## ASSIGNED TASK
Repeat exactly the lines of the material below that run from the "Purple Hair Bows" line to the "La ley Trole, en" line, including both, and do not carry over any pictures.

## PROVIDED DATA
= Beginning of Section =
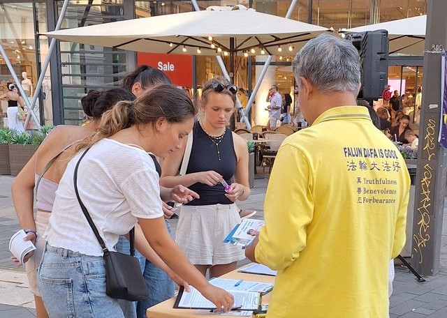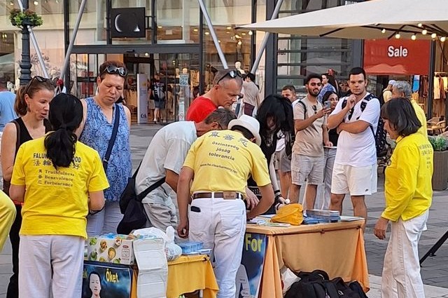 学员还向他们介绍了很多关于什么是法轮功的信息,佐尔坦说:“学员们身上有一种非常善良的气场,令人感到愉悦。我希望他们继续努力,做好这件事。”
= End of Section =
= Beginning of Section =
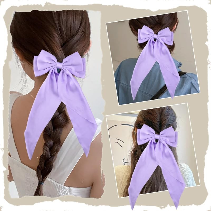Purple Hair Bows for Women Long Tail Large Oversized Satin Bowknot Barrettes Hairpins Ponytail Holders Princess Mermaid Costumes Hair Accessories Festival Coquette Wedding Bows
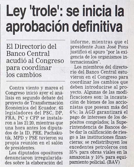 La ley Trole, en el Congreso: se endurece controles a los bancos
= End of Section =
## SOLVED PROBLEM
Purple Hair Bows for Women Long Tail Large Oversized Satin Bowknot Barrettes Hairpins Ponytail Holders Princess Mermaid Costumes Hair Accessories Festival Coquette Wedding Bows
 La ley Trole, en el Congreso: se endurece controles a los bancos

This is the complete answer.